By Dan Shaw, Evansville Courier & Press

The employees of the Evansville Courier Co., are taking pay cuts to help the newspaper company weather the current recession.

On March 9, the pay of salaried employees will drop by 5 percent. That of most hourly employees will fall by 3 percent.

Starting in April, the Evansville Courier Co., will no longer match employee contributions to a 401(k) retirement program. The company said it hopes to reinstate the match as soon as the economy improves.

Finally, the Evansville Courier Co., said it would freeze its pension plan. Employees who are close to retiring will be able to obtain a transition benefit, which the company planned to explain in greater detail at a later date.

Jack Pate, the publisher of Evansville Courier & Press, said the decisions were largely a result of the rising cost of newsprint paper and a decline in revenues from advertising.

"Our problem is not the eyeballs we reach," Pate said. "We have a lot of demand for our product, both in print and online."

Along with the Courier & Press, the Courier Company runs The Gleaner, The Union County Advocate, Audubon Printing and other businesses. All of them are owned by the E.W. Scripps Co., which was making similar cuts at its other properties.

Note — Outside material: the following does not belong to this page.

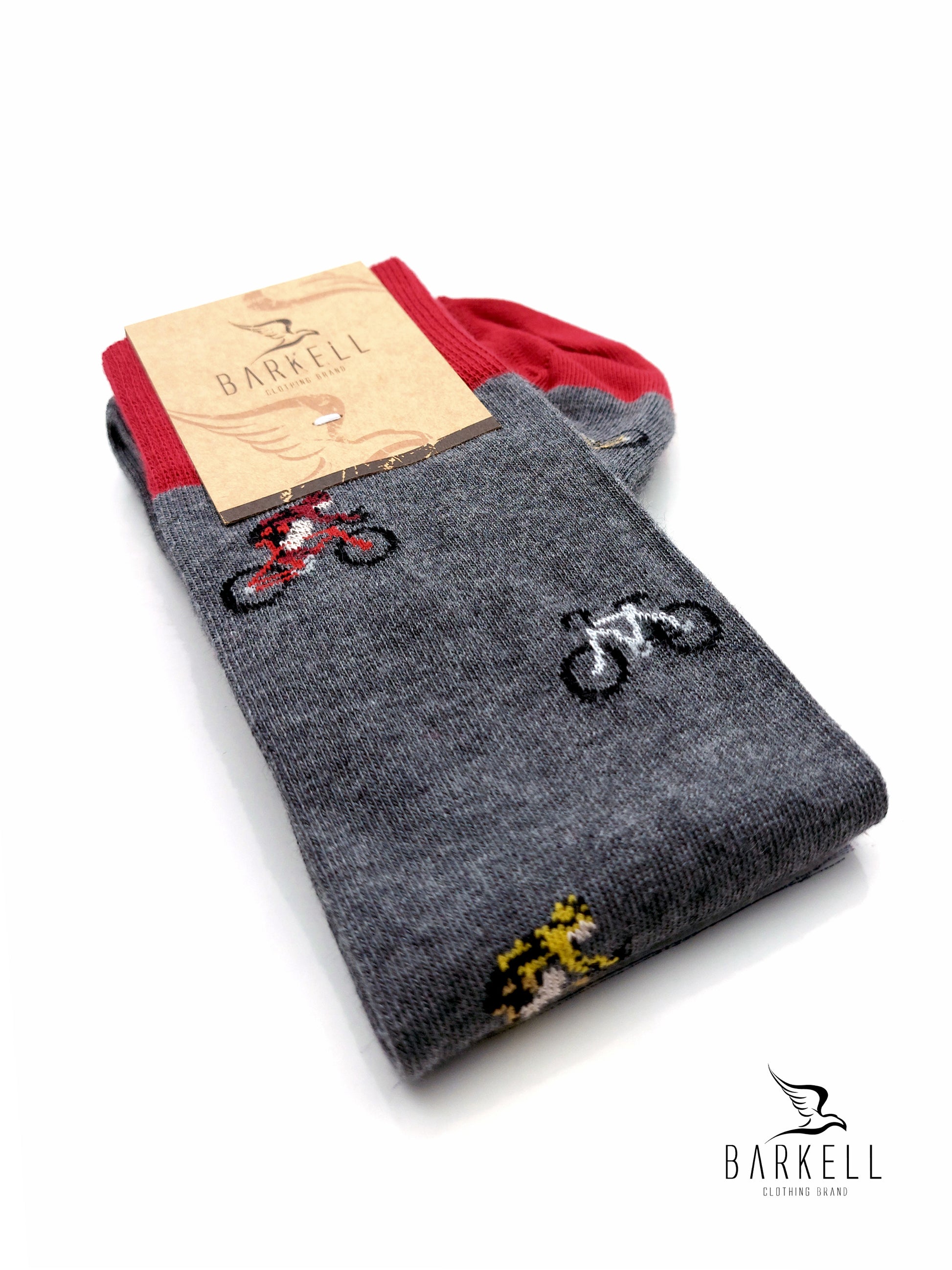 Calza Lunga Sotto il Ginocchio di Alta Qualità Made in Italy in 95% Cotone e 5% Elastan fondo Grigio con fantasia Ciclista.

Printing and distributing a newspaper requires the work of many people and thus is an expensive enterprise, Pate said. He noted that a first-class stamp now costs 42 cents, an amount that will rise to 44 cents come May 11.

"And we charge less than 50 cents for home-delivery of our product," Pate said. "It's very expensive to have something like that delivered to the door."

The announcement Wednesday concerned the company's latest attempts to lower its costs. In November, the Evansville Courier Co., said it would lay off 32 employees. Those reductions came not long after the company had moved the printing of The Gleaner to Evansville and cut positions in Henderson, Ky. as a result. The two rounds of layoffs reduced the Evansville Courier Company's workforce by about 70, leaving about 335 full-time employees.

In January, Scripps executives and senior managers all took pay cuts, lowering their salaries by between 5 percent and 15 percent.

Pate said most newspapers companies have taken similar steps in recent times. Gannett Co., the largest U.S. publisher of newspapers, has ordered employees to take a week off work without pay during the first quarter of the year. McClatchy Co., another large newspaper chain, said it will reduce its budget by between $100 million and $110 million this year, after reporting an operating loss of $20.4 million in the fourth quarter of 2008.

E.W. Scripps announced its latest measures a day before it is scheduled to announce its fourth-quarter earnings. For the third quarter of 2008, the company reported a loss of $16.8 million, or 31 cents a basic share. That was down from the profit of $88.4 million, or $1.63 a basic share, the company had seen in the same period a year ago.

E.W. Scripps' newspaper division reported a profit of $14 million for the third quarter of 2008. That was down from the profit of $32.7 seen in the same period of 2007.